# WORK INSTRUCTIONS:
Go through the listing and set it down exactly, leaving out its pictures.

*** Opening RECORDED INFORMATION ***

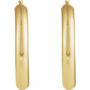 14K Yellow Round Tube 35 mm Hoop Earrings
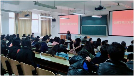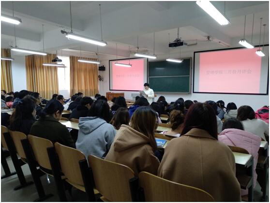 3月21日中午12:10,管理公司大一大二单学号同学,大三班委,大四班长在主校区教室内进行本学期第一次月评会议。学办辅导老师罗荃、黎博、单艳艳、包海燕、周艺、宋志航对工商管理、旅游管理、人力资源管理、会计学四个专业进行讲评,本月心理会议也同月评会同一时间顺利展开。
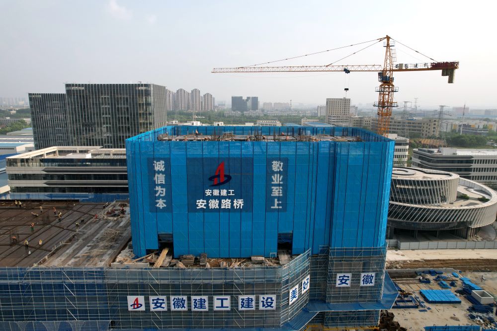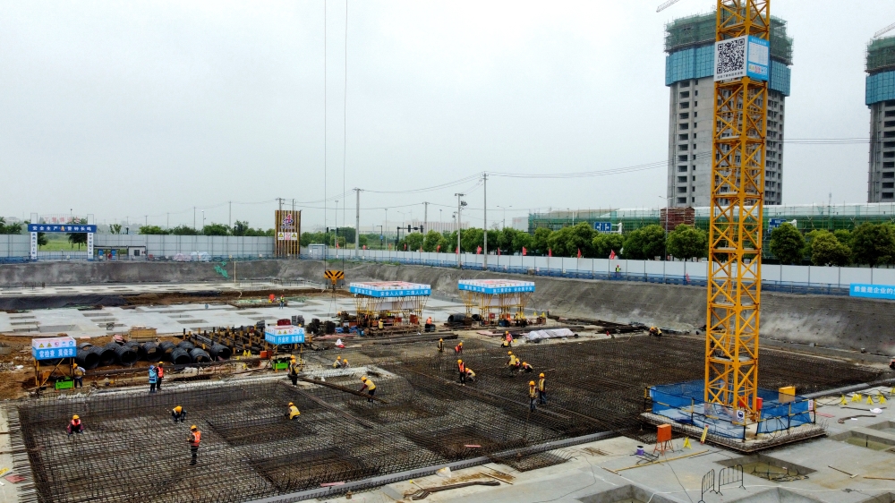 合肥新橋國(guó)際機(jī)場(chǎng)綜合交通中心項(xiàng)目施工現(xiàn)場(chǎng),50余名管理人員、700余名工人、27臺(tái)各類(lèi)施工機(jī)械緊密配合,全力推進(jìn)項(xiàng)目合新六城際鐵路先行工程底板及交通中心負(fù)一層頂板施工,同時(shí)搶抓完成地鐵S1線非影響區(qū)最后一塊頂板。

*** Closing RECORDED INFORMATION ***

# EXERCISE OUTPUT:
 14K Yellow Round Tube 35 mm Hoop Earrings
 3月21日中午12:10,管理公司大一大二单学号同学,大三班委,大四班长在主校区教室内进行本学期第一次月评会议。学办辅导老师罗荃、黎博、单艳艳、包海燕、周艺、宋志航对工商管理、旅游管理、人力资源管理、会计学四个专业进行讲评,本月心理会议也同月评会同一时间顺利展开。
 合肥新橋國(guó)際機(jī)場(chǎng)綜合交通中心項(xiàng)目施工現(xiàn)場(chǎng),50余名管理人員、700余名工人、27臺(tái)各類(lèi)施工機(jī)械緊密配合,全力推進(jìn)項(xiàng)目合新六城際鐵路先行工程底板及交通中心負(fù)一層頂板施工,同時(shí)搶抓完成地鐵S1線非影響區(qū)最后一塊頂板。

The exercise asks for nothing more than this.